2022年12月9日 20:00
自殺志願者を救うために民間捜索隊を結成…香港の若者に広がる葛藤と巨大な闇【映画】
―では、本作では監督の実体験も反映されているところがあったということでしょうか。
監督劇中にも出てくるチャットアプリは実際にあり、そのなかで自殺者が出そうだという情報が上がったらいろんなグループの人たちが捜索を始めるので、僕自身も見知らぬ人を探したこともありました。そのときに感じた無力感や戸惑いといった感情は、実際に自分の体験に基づいて描いています。
実際の感情をリアルに表現することができた
―起用した多くの俳優は、演技経験のない新人ということですが、演出面で意識したことは、苦労したことは?

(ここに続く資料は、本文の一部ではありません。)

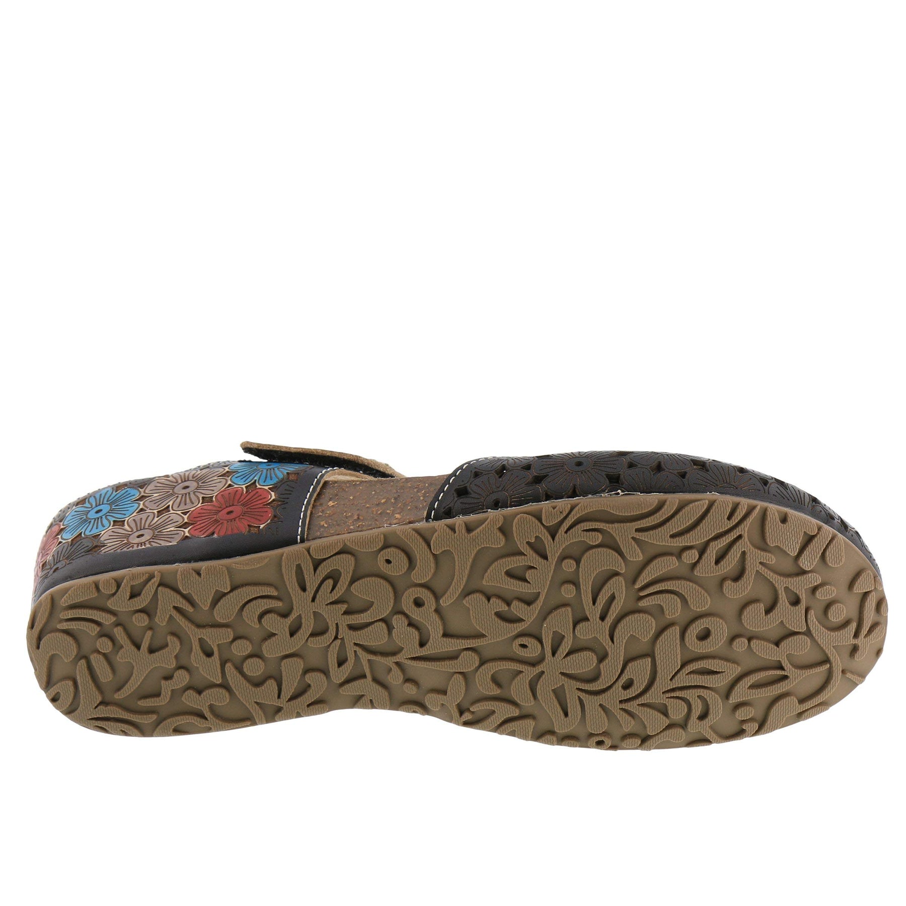 *French-inspired and hand-painted premium leather upper with floral laser etching and cutout design *Adjustable hook-and-loop instep strap with an antiqued brushed metal ornament *Lightly cushioned footbed *Durable rubber sole *1-3/4" cork- and latex-wrapped wedge heel with platform *Please see size drop-down menu for brand-specific Euro conversion chart
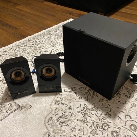 Logitech kaiutinjärjestelmä sisältää kaksi valkoista satelliittikaiutinta ja valkoisen subwooferin. Kaiuttimissa on mustat kaiutinelementit ja säätimet yhdellä kaiuttimella. Järjestelmä on tarkoitettu äänen toistoon esimerkiksi tietokoneen kanssa.
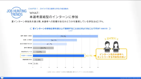 【採用担当者向け】優秀な学生を採用するための秘策とは こんな方におすすめ優秀な学生の志望度を効率的に高めたい方夏のインターンを通じて学生との接点を強化したい方 概要優秀な学生を狙う企業が採用活動として行うべき施策、またクチコミの活用方法についても解説します。 資料で分かること優秀な学生の就活動向優秀な学生を狙うために企業が行うべき施策
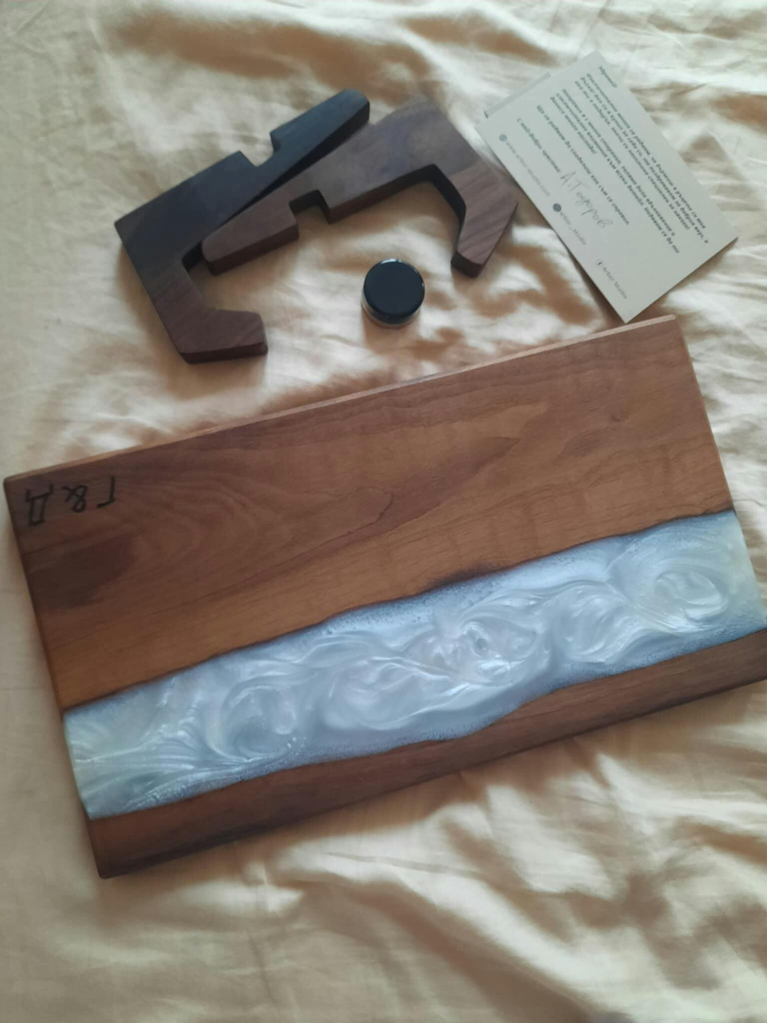 Наричат я течно стъкло. Тя е по-твърда от дървото, издържа на температури до 50 градуса и е със сертификат за безопасност за допир с храни, което я прави повече от перфектно допълнение към нашите дъски.

監督今回、ソーシャルワーカー役を演じてくれたアイビー・パンさんは、舞台俳優で香港インディペンデント映画には欠かせない存在の俳優さんですが、それ以外はほとんど素人か俳優やアーティストを目指している新人、あとはデモ現場でスカウトした人たちでした。なので、シーンに合わせた気持ちに入るのに時間がかかってしまうこともあり、そのあたりは難しかったところです。ただ、そのいっぽうで“素人の味”みたいなものはあったかなと。特に、彼らは実際にデモに参加した経験があったので、そのときに味わったリアルな感情が表現できたのはよかったなと思います。